Bahkan ketika konektivitas internet tersedia, perusahaan tersebut mengatakan bahwa mereka telah melihat pemerintah otoriter seperti Iran melangkah lebih jauh, memblokir unduhan VPN dan menerapkan sistem canggih yang dapat mengidentifikasi lalu lintas web VPN untuk memutusnya.
“Terkadang terjadi bahwa pemblokiran dicabut, tetapi kemudian ada kemampuan yang sangat kuat yang sangat sulit untuk dilewati,” kata Antonio Cesarano, manajer produk utama untuk Proton VPN.
“Apa yang telah kami amati dalam setahun terakhir ini adalah orang-orang mempersiapkan diri… orang-orang mungkin memiliki beberapa VPN, jadi mereka mencoba masing-masing dan melihat apakah itu berfungsi atau tidak,” kata Cesarano kepada CNN. “Intinya, apa pun yang diperlukan untuk kembali terhubung ke internet, untuk melanjutkan hidup, untuk berbicara dengan keluarga Anda di luar negeri.”
Biaya sensor yang tinggi
Dibandingkan dengan beberapa negara otokrasi lainnya, lebih mudah bagi Iran untuk menerapkan sensor internet secara menyeluruh karena negara tersebut sangat terisolasi.
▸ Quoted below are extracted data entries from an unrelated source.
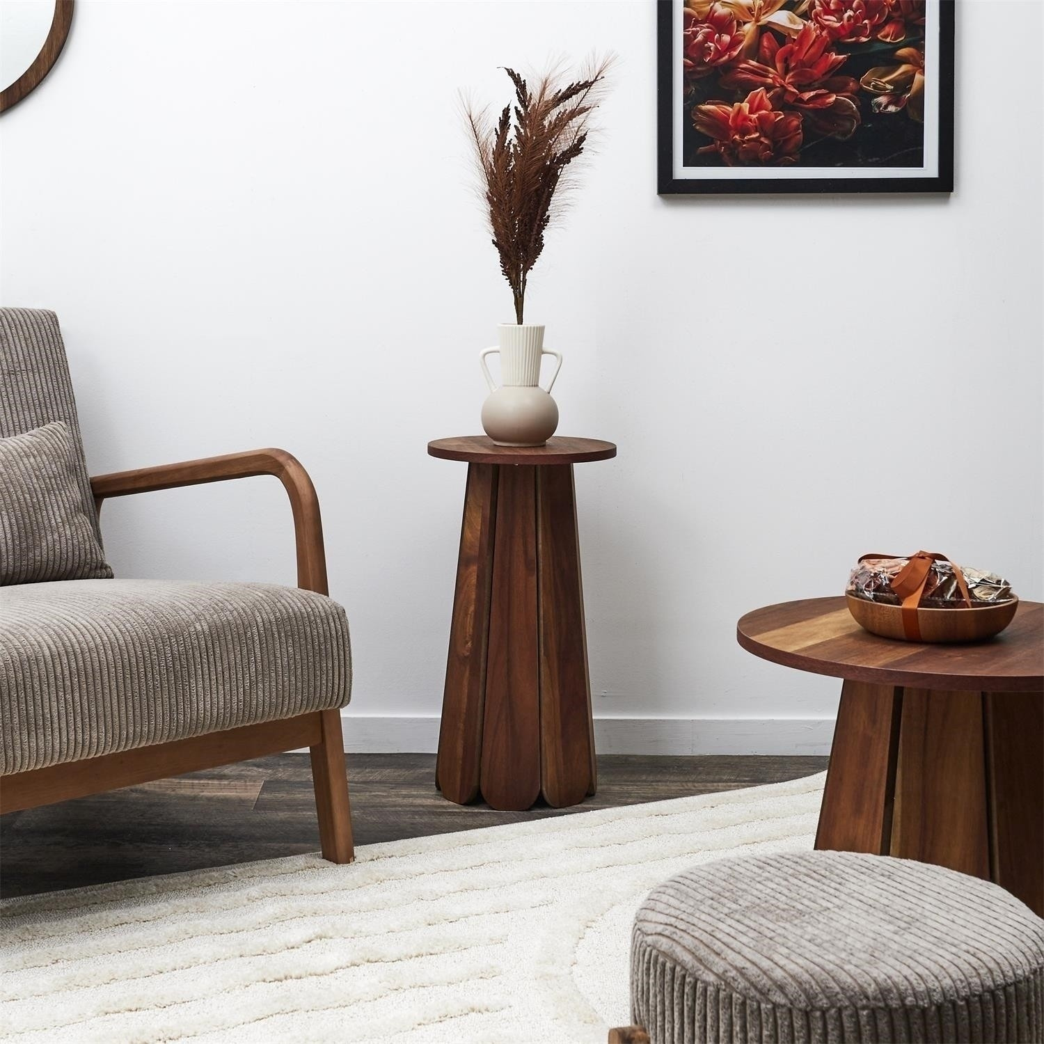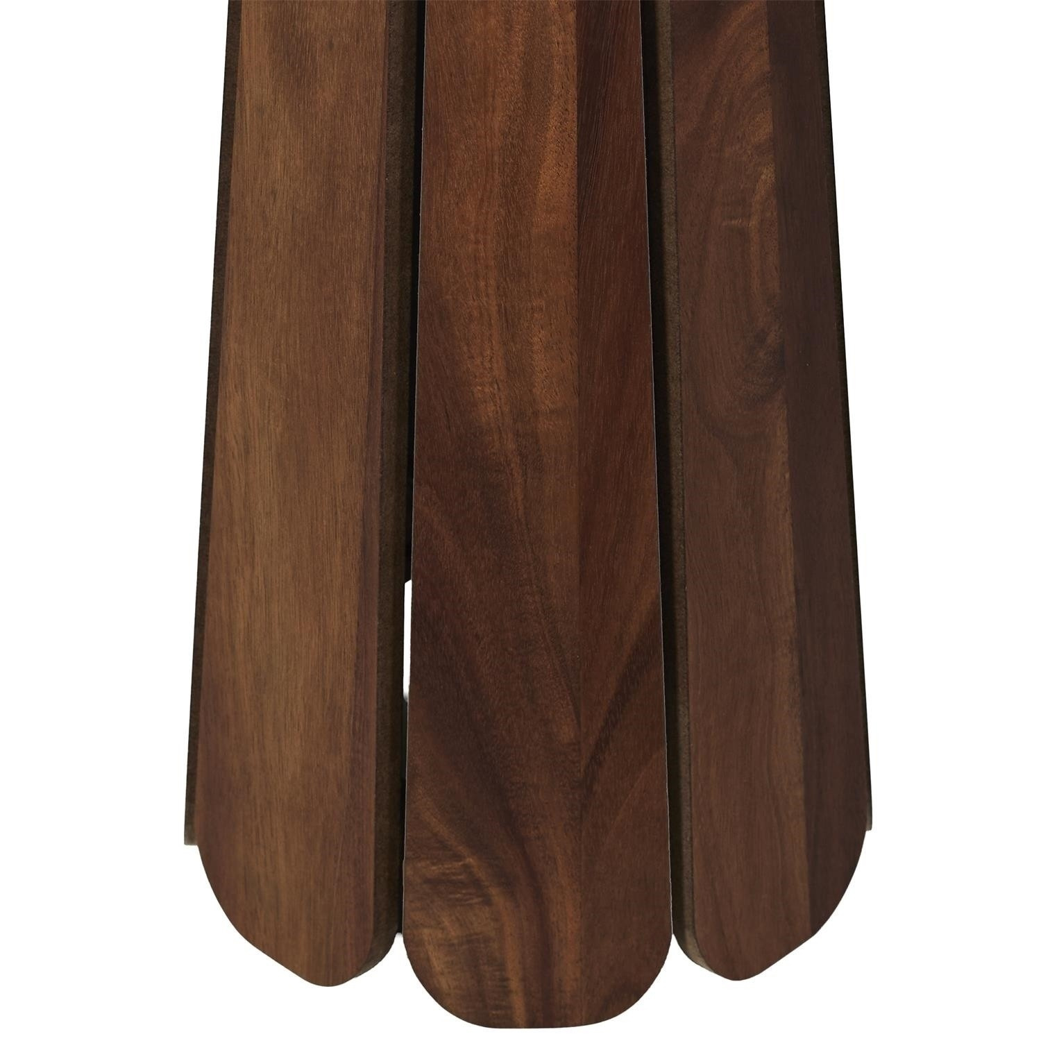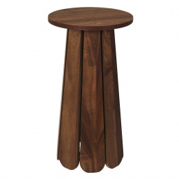 Bočný stolík Will je vyrobený z MDF dosky s dyhou vo farbe orechového dreva. Stolík s okrúhlou doskou je vybavený jedinou nohou, ktorá sa skladá z 8 dokonale profilovaných doštičiek. Stolík vyžaduje montáž. Max. zaťaženie stolíka 15 kg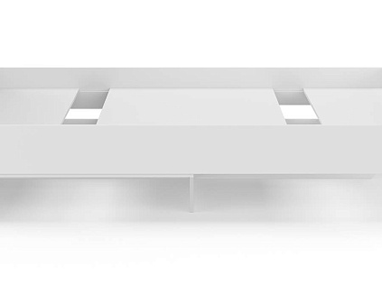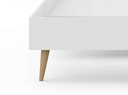 Основание кровати на деревянных ножках. Благодаря увеличенной высоте позволяют осуществлять легкую уборку под кроватью, даже с помощью робота-пылесоса.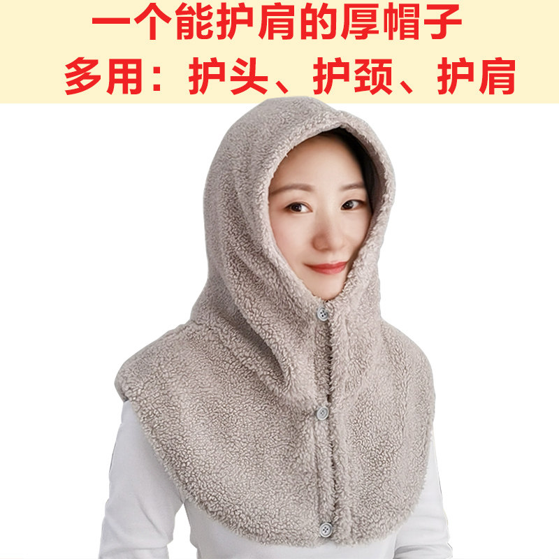 Thickened warm autumn and winter shoulder guards and neck guards hats all-in-one velvet guards cervical vertebrae small shawls shoulder vests cold-proof outside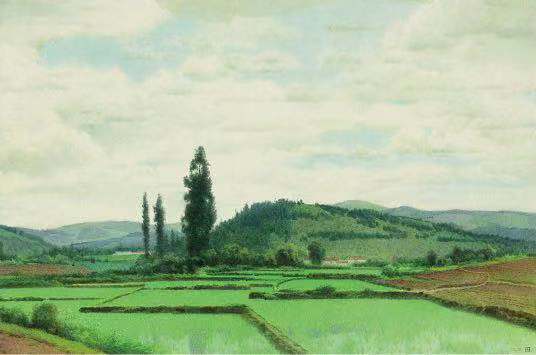 他在創(chuàng)作時(shí)有自己的意圖,色彩有力度,鮮活,很好看。對(duì)風(fēng)景的時(shí)間有感覺,如雪景、春天、秋天,對(duì)于綠顏色,這種滿載生命的顏色,表現(xiàn)得很有品味,幾幅大的作品也很精彩。
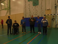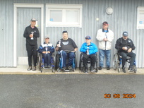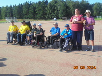6-7.8. Boccian avoimet SM-kilpailut Raumalla. Kuvassa sarja L 2-3 parikilpailun palkintojen jako vasem. 2. KUKKOteam Rauman Inva Hannu Santala/Marko Ylikleemola, 1. Tampereen Inva Teemu Mäkinen/Tuija Sinisalo 3. Mänttä/SSB Raimo Nevanen/Matti Kingelin 4. Jokilaakson Liikkujat Mika Taimi/Samuli Palmu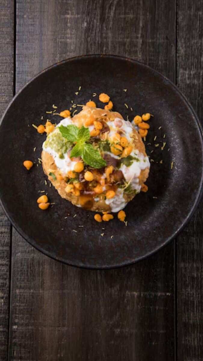 Raj kachori might be known by different names in India, but it is a delicious mix of crispy kachori filled with boiled potatoes, chickpeas, curd, and chutneys. It is topped with sev.

Tidak ada transaksi kartu kredit internasional yang menggerakkan perekonomiannya, dan tidak ada layanan asing seperti Netflix, Uber, atau Amazon yang terganggu oleh pemadaman internet internasional. Sebaliknya, layanan serupa dilakukan oleh perusahaan domestik Iran.
“Ada banyak tarik ulur karena, tentu saja, ada pemangku kepentingan di dalam rezim itu sendiri yang mendapat manfaat ekonomi dari akses ini, baik itu (perusahaan) yang menghasilkan uang dari penjualan paket data WiFi untuk internet internasional, atau berbagai bisnis yang membutuhkan pekerja mereka untuk memiliki berbagai tingkat konektivitas,” kata Alimardani.
“Saya rasa di dalam rezim itu sendiri mereka bahkan tidak tahu ke arah mana mereka akan melangkah,” tambahnya.